**Description of the task:** Using the records below, write out again exactly the lines that begin at the line containing "Be the first" and end at the line containing "Make charging your", and no other lines.

**Provided data:**

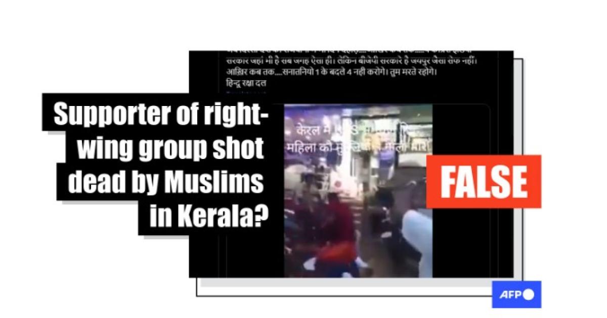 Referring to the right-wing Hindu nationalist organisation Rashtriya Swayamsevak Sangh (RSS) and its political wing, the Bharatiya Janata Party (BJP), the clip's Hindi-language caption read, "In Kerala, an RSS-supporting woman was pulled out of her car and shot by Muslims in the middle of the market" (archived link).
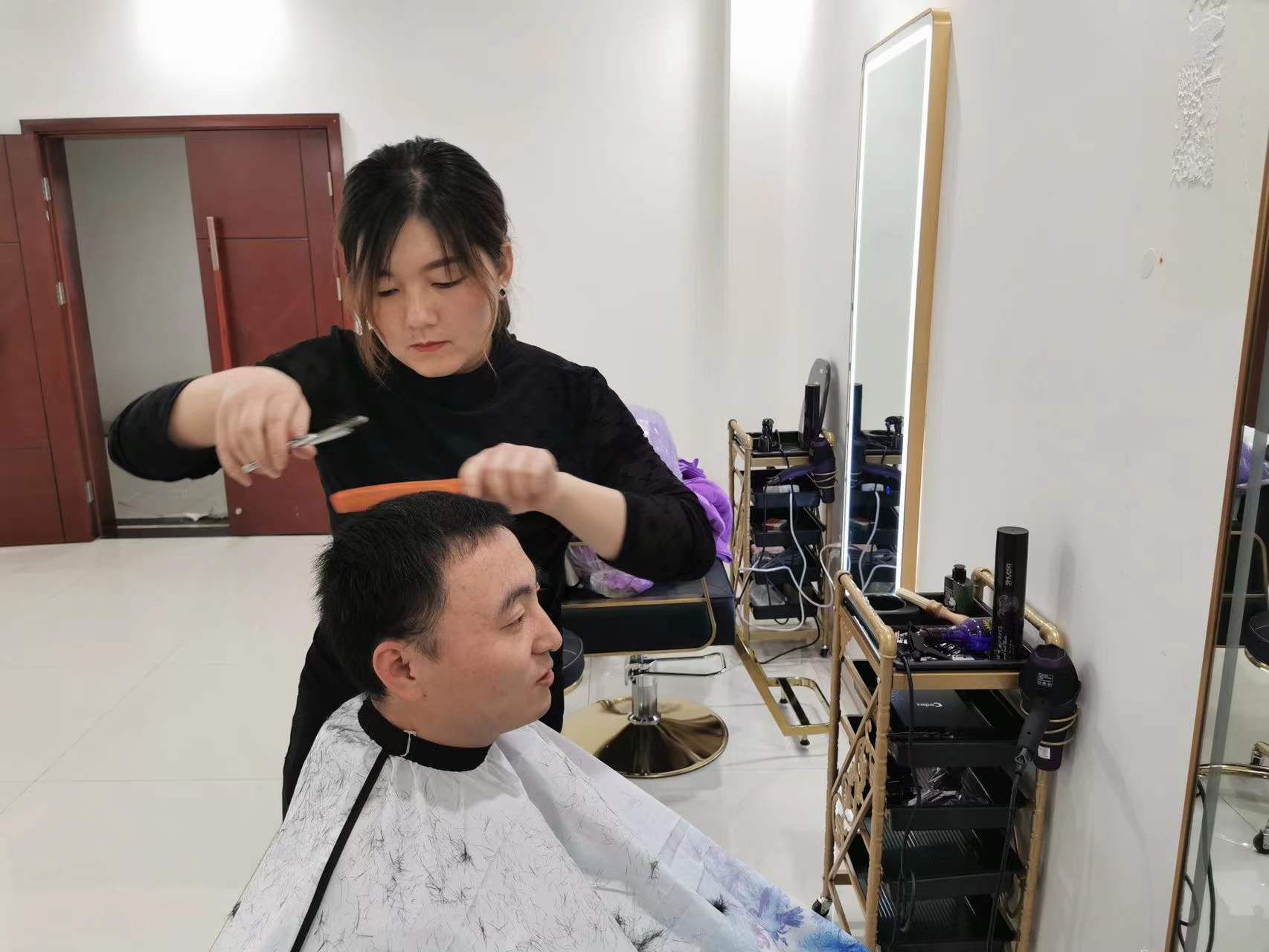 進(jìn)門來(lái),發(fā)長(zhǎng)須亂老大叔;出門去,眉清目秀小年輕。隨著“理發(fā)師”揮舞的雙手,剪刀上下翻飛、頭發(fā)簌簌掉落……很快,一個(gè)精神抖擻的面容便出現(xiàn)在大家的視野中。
==
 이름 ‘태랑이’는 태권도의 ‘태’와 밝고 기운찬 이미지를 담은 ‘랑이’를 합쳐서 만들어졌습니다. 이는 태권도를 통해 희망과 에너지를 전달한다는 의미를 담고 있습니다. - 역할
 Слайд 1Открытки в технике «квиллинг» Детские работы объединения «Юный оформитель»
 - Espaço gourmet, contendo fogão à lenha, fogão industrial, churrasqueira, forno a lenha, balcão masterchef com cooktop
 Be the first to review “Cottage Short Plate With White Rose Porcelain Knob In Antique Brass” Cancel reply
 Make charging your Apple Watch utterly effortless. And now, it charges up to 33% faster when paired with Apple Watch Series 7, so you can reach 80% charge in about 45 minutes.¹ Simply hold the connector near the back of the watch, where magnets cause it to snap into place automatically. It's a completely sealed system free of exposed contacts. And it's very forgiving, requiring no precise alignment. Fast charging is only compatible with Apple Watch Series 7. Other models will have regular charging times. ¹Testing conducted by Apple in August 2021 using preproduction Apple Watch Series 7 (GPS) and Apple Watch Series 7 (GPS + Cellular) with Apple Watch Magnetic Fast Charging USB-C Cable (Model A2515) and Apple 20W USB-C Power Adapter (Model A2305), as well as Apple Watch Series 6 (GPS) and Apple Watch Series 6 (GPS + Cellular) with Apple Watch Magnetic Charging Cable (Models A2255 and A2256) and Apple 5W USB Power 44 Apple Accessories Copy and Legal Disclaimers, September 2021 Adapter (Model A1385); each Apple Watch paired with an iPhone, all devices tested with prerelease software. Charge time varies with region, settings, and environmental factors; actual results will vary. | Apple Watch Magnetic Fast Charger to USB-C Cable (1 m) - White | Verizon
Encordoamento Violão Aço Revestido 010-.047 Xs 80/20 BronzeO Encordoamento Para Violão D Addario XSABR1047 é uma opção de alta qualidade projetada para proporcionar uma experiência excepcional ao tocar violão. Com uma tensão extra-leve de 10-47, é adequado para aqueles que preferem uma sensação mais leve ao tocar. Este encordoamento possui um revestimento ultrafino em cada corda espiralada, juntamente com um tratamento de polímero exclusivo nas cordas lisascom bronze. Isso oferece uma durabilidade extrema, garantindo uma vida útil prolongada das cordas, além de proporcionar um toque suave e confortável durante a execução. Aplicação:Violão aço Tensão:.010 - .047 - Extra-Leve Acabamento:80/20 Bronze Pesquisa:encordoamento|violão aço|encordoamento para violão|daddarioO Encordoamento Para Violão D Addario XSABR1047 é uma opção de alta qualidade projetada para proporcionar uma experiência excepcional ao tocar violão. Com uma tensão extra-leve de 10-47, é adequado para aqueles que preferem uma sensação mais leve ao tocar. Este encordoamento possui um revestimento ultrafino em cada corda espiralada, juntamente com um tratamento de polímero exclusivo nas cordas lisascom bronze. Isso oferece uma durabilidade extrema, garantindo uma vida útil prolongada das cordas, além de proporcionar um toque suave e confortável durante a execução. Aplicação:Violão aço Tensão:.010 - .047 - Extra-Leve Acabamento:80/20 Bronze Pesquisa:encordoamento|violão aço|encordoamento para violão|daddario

**Written response:**
 Be the first to review “Cottage Short Plate With White Rose Porcelain Knob In Antique Brass” Cancel reply
 Make charging your Apple Watch utterly effortless. And now, it charges up to 33% faster when paired with Apple Watch Series 7, so you can reach 80% charge in about 45 minutes.¹ Simply hold the connector near the back of the watch, where magnets cause it to snap into place automatically. It's a completely sealed system free of exposed contacts. And it's very forgiving, requiring no precise alignment. Fast charging is only compatible with Apple Watch Series 7. Other models will have regular charging times. ¹Testing conducted by Apple in August 2021 using preproduction Apple Watch Series 7 (GPS) and Apple Watch Series 7 (GPS + Cellular) with Apple Watch Magnetic Fast Charging USB-C Cable (Model A2515) and Apple 20W USB-C Power Adapter (Model A2305), as well as Apple Watch Series 6 (GPS) and Apple Watch Series 6 (GPS + Cellular) with Apple Watch Magnetic Charging Cable (Models A2255 and A2256) and Apple 5W USB Power 44 Apple Accessories Copy and Legal Disclaimers, September 2021 Adapter (Model A1385); each Apple Watch paired with an iPhone, all devices tested with prerelease software. Charge time varies with region, settings, and environmental factors; actual results will vary. | Apple Watch Magnetic Fast Charger to USB-C Cable (1 m) - White | Verizon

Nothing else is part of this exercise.